**INPUT RECORDS:**
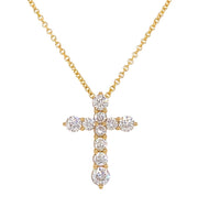 18kt yellow gold mutual prong set round brilliant diamond cross-pendant with 14kt yellow gold cable link chain.
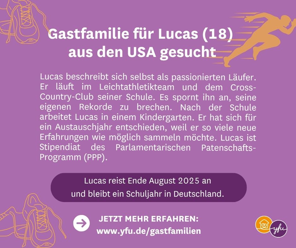 Die gemeinnützige Austauschorganisation Youth For Understanding (YFU) sucht deutschlandweit dringend eine Gastfamilie für den Austauschschüler Lucas (18) aus den USA, der sich selbst als passionierten Läufer beschreibt. Er ist im Leichtathletik-Team seiner Schule und trainiert zudem im Cross-Country-Club.
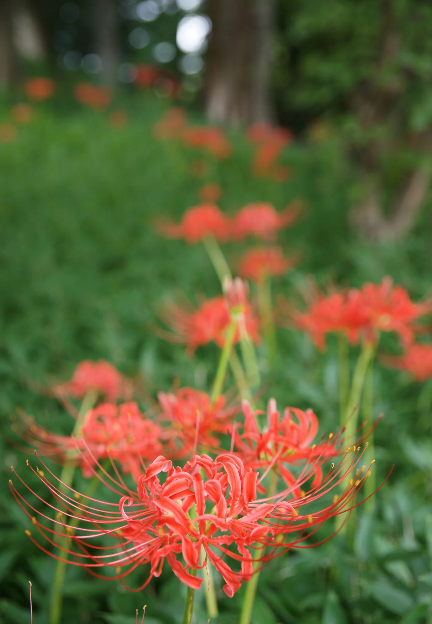 After about a 20 minute train ride, and a short walk thru busy city streets, you reach the gate. Walking into the garden is like entering another world, like stepping back in time. You walk in and set your eyes on the 17 acres of bright green scenery (and are then eaten alive by mosquitoes). There are paths throughout that lead you past different bridges, ponds, and temples that are scattered across the gardens. No matter what time of year you are there, apparently there is something to see, like cherry blossoms in late march, or iris’s in April, and the Japanese maples changing color in the fall. There are so many beautiful things to see, I could come here once or twice a month and still probably not see it all. The day I was there the spider lilies were in bloom. They are bright, bright red and contrast against the greenery all around creating a Christmas display of nature (in the middle of summer).
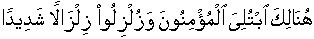 That was the point in time when the believers were subjected to a liquefying trial and they were jolted with a very severe jolt [like some believers of earlier tines-2:214] [33:11]
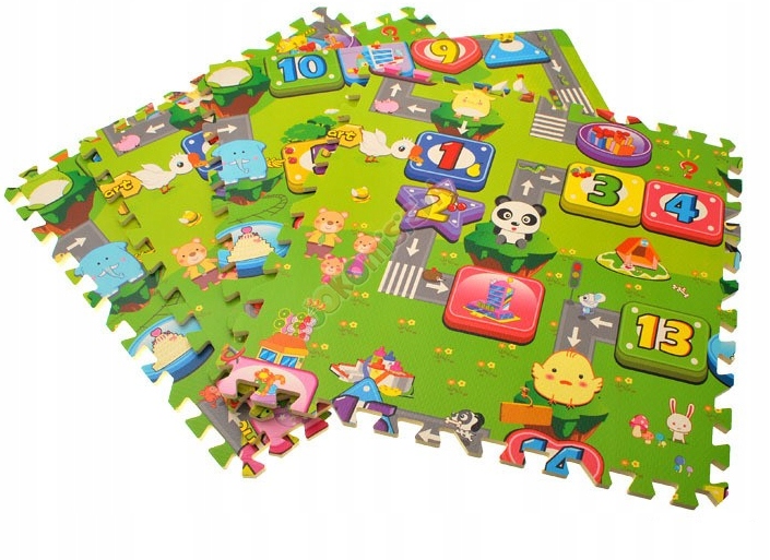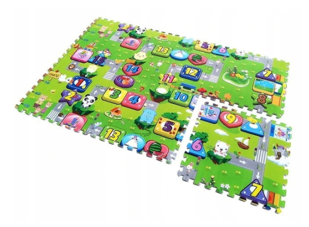 Puzzle są duże, mają wymiary 58,5 x 58,5 x 1 cm. Dziecko szybko rozłoży je samodzielnie. Piankowa miękka droga jest bezpieczna dla dziecka, można jej używać w domu, na balkonie lub na podwórku. Puzzle mogą służyć również jako mały miękki dywanik. Mata w całości ma wymiary 120 cm x 120 cm.
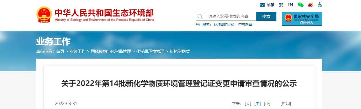 根據《新化學物質環境管理登記辦法》(生態環境部令第12號,以下簡稱《辦法》)、《關于新化學物質環境管理登記有關銜接事項的公告》(生態環境部公告2020年第46號),我部對微麥控生物科技(上海)有限公司等單位的2份新化學物質常規登記證變更申請材料和Panasonic Industry Co., Ltd.等單位的81份簡易登記證變更申請材料進行了審核,符合有關要求,擬批準登記證變更,詳見附表。 根據《辦法》第三十條,現將擬批準的新化學物質環境管理登記證變更申請相關情況予以公示。
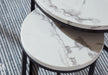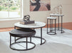 Details | Includes coffee table, 2 end tables and ottoman, Tabletop made with faux Carrara marble laminate and MDF substrate, Tubular metal frame with dark powder coat finish, Ottoman with black faux leather upholstery, Nesting design | |
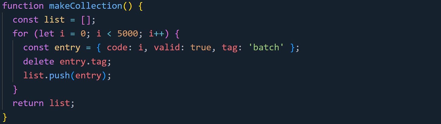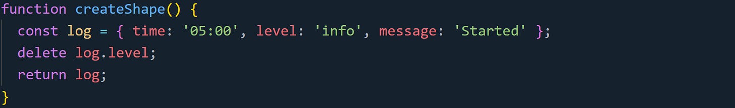 Each time this function runs, the object begins with a known shape: time, level, and message. But right after deletion, that shape breaks and the engine has to update its assumptions. If you're looping over thousands of these, the slowdown adds up, because the engine can’t rely on its cached layout anymore. The difference between an object with a clean, stable shape and one that’s had properties removed can affect how quickly your code runs, especially when those objects are part of repeated or batched operations.
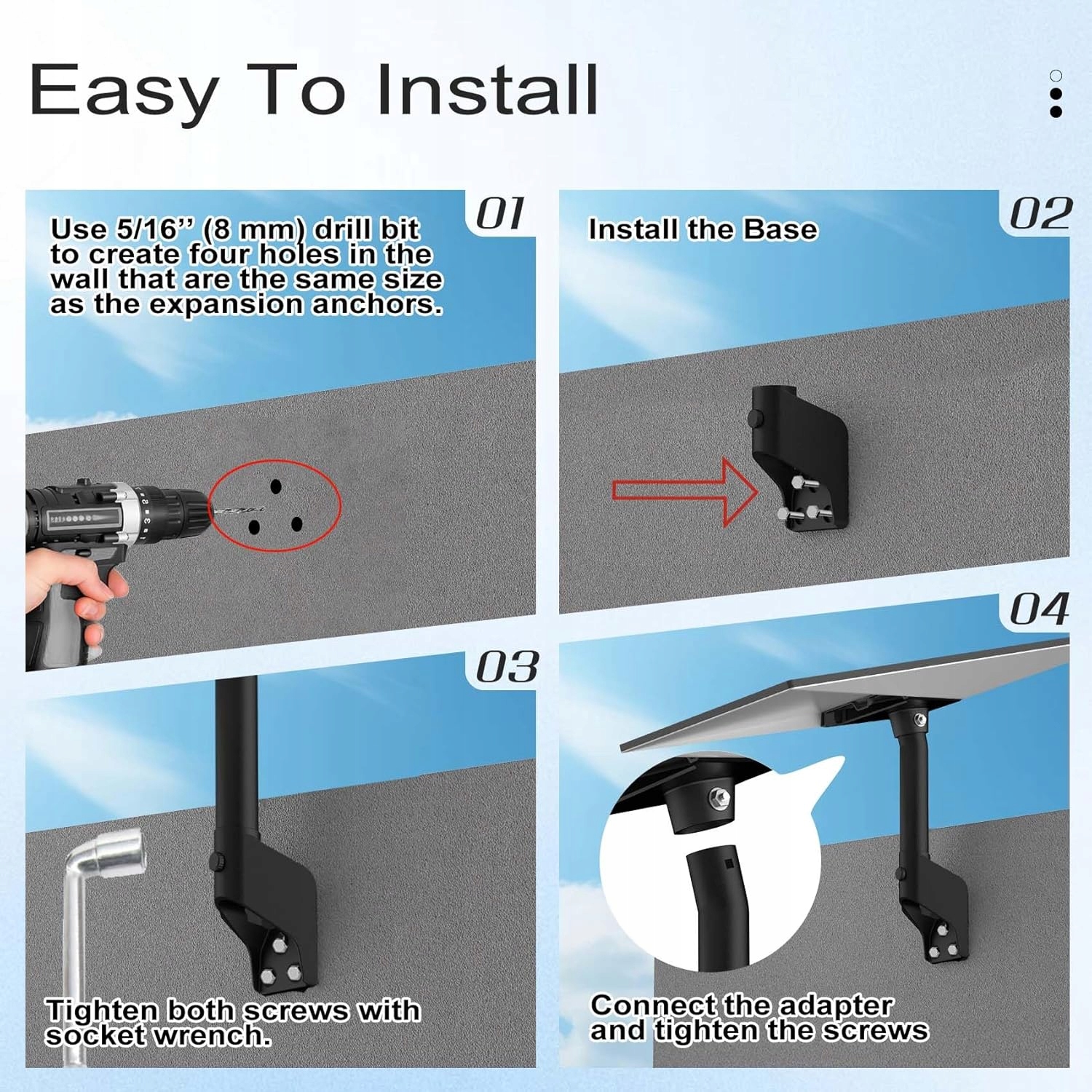 Сумісний зі стандартним Gen 3. Оснащений гвинтами для дерев’яних дахів, він забезпечує легку установку. Інструкції та відеозаписи поетапно, а суцільна конструкція гарантує стабільність навіть у складних погодних умовах. Ідеально підходить для дахів і стін, з можливістю регулювання положення для оптимального сигналу.
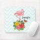 Ein Mousepad mit einer niedlichen digitalen Abbildung mit einem rosa Flamingo mit einem Bein. Stehend auf einem Strauß mit tropischen Hibiskus Blume und Blätter. Ein hübscher Schmetterling schwebt um die Blume herum. Ein hellgrün-weiß Zickzack Muster im Hintergrund.
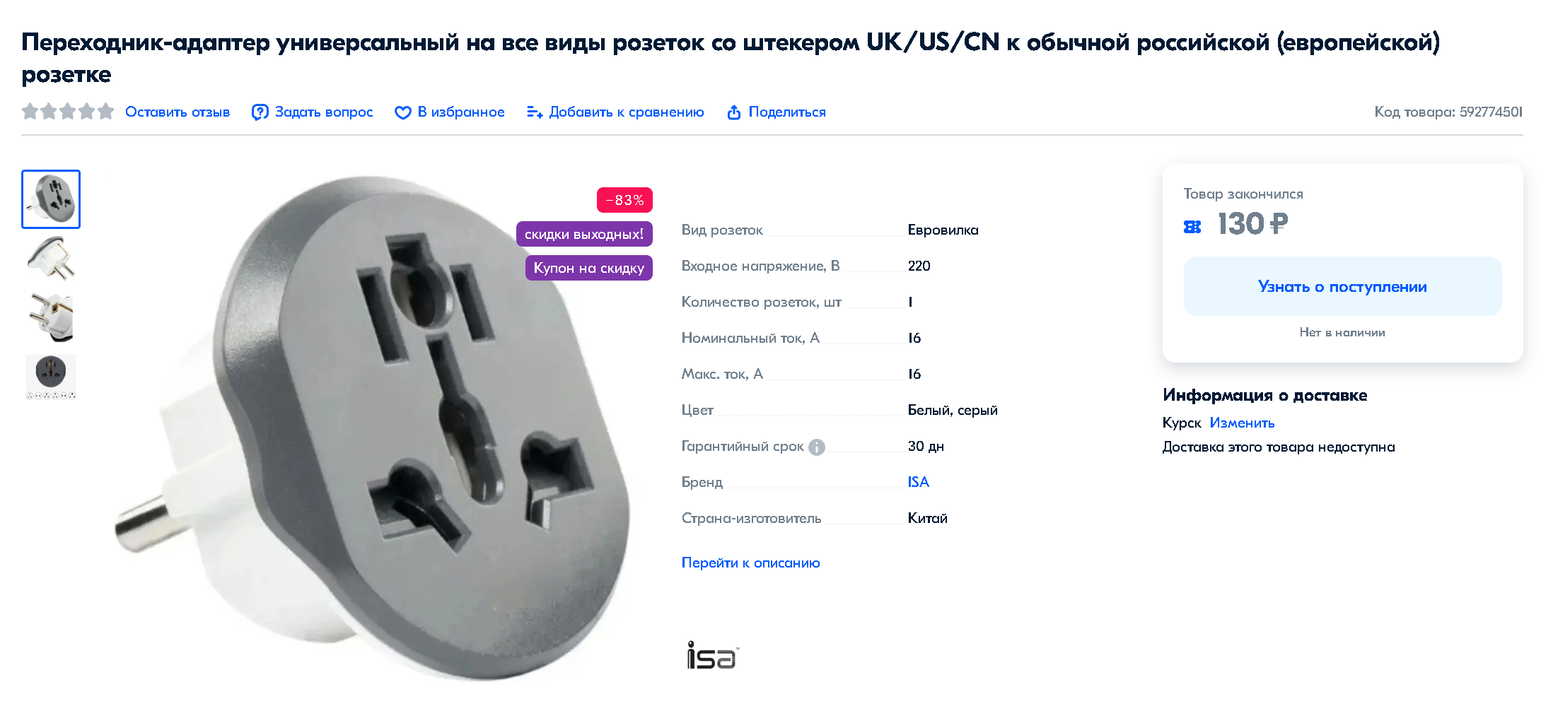 У зарядки моего Moto вилка американского стандарта, и несмотря на то, что продавец заботливо положил переходник на евровилку в комплект, я сразу заказал такой адаптер ISA. Вообще таких адаптеров везде навалом, можно было выбрать любой.
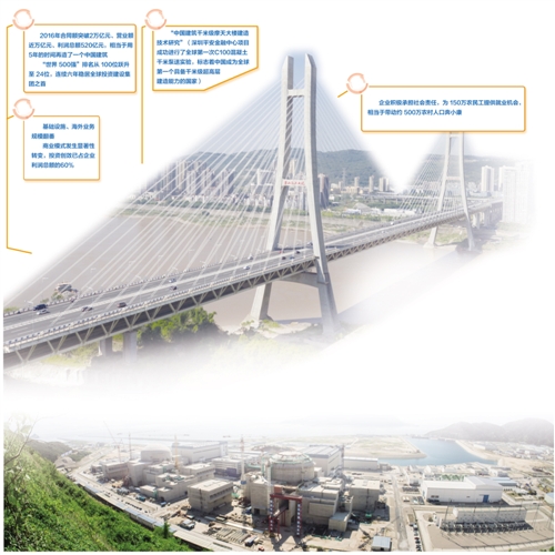 黨的十八大以來的5年,中國建筑連續(xù)5次獲得國務(wù)院國資委中央企業(yè)負(fù)責(zé)人經(jīng)營業(yè)績考核A級(jí),任期考核蟬聯(lián)“業(yè)績優(yōu)秀企業(yè)”榮譽(yù)稱號(hào);5年來,中國建筑在財(cái)富“世界500強(qiáng)”排名從100位躍升至24位;5年來,中國建筑連續(xù)穩(wěn)居全球投資建設(shè)集團(tuán)之首,獲得標(biāo)普、穆迪、惠譽(yù)等國際三大評(píng)級(jí)機(jī)構(gòu)信用評(píng)級(jí)A級(jí),為全球建筑行業(yè)最高信用評(píng)級(jí)。自1982年組建以來,中國建筑實(shí)現(xiàn)“每10年多環(huán)比增長10倍”的快速發(fā)展目標(biāo)。2016年,中國建筑合同額突破2萬億、營業(yè)額近萬億、利潤總額520億,營業(yè)收入、利潤總額分別位居國務(wù)院國資委管理的中央企業(yè)第4位、第5位,相當(dāng)于用5年的時(shí)間再造了一個(gè)中國建筑。
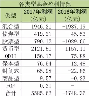 2017年,受益于全年优质大盘股的漂亮50走势,公募基金实现了5585.62亿元的盈利总和,较2016年的1754.7亿元的亏损大幅翻身。
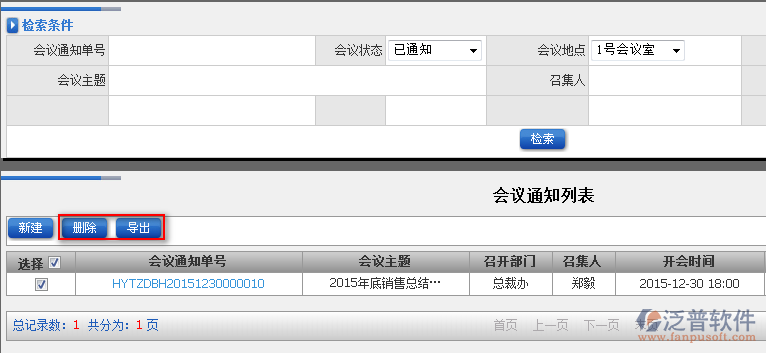 5、過期的會(huì)議通知可以點(diǎn)擊【刪除】。在有必要的情況下,用戶可以點(diǎn)擊【導(dǎo)出】進(jìn)行相關(guān)會(huì)議通知單的導(dǎo)出功能。如圖:

**EXERCISE OBJECTIVE:** Your output should be only the lines from the line with "黨的十八大以來的5年,中國建" through the end of the data, exactly as they stand, and no pictures.

**TASK RESPONSE:**
 黨的十八大以來的5年,中國建筑連續(xù)5次獲得國務(wù)院國資委中央企業(yè)負(fù)責(zé)人經(jīng)營業(yè)績考核A級(jí),任期考核蟬聯(lián)“業(yè)績優(yōu)秀企業(yè)”榮譽(yù)稱號(hào);5年來,中國建筑在財(cái)富“世界500強(qiáng)”排名從100位躍升至24位;5年來,中國建筑連續(xù)穩(wěn)居全球投資建設(shè)集團(tuán)之首,獲得標(biāo)普、穆迪、惠譽(yù)等國際三大評(píng)級(jí)機(jī)構(gòu)信用評(píng)級(jí)A級(jí),為全球建筑行業(yè)最高信用評(píng)級(jí)。自1982年組建以來,中國建筑實(shí)現(xiàn)“每10年多環(huán)比增長10倍”的快速發(fā)展目標(biāo)。2016年,中國建筑合同額突破2萬億、營業(yè)額近萬億、利潤總額520億,營業(yè)收入、利潤總額分別位居國務(wù)院國資委管理的中央企業(yè)第4位、第5位,相當(dāng)于用5年的時(shí)間再造了一個(gè)中國建筑。
 2017年,受益于全年优质大盘股的漂亮50走势,公募基金实现了5585.62亿元的盈利总和,较2016年的1754.7亿元的亏损大幅翻身。
 5、過期的會(huì)議通知可以點(diǎn)擊【刪除】。在有必要的情況下,用戶可以點(diǎn)擊【導(dǎo)出】進(jìn)行相關(guān)會(huì)議通知單的導(dǎo)出功能。如圖:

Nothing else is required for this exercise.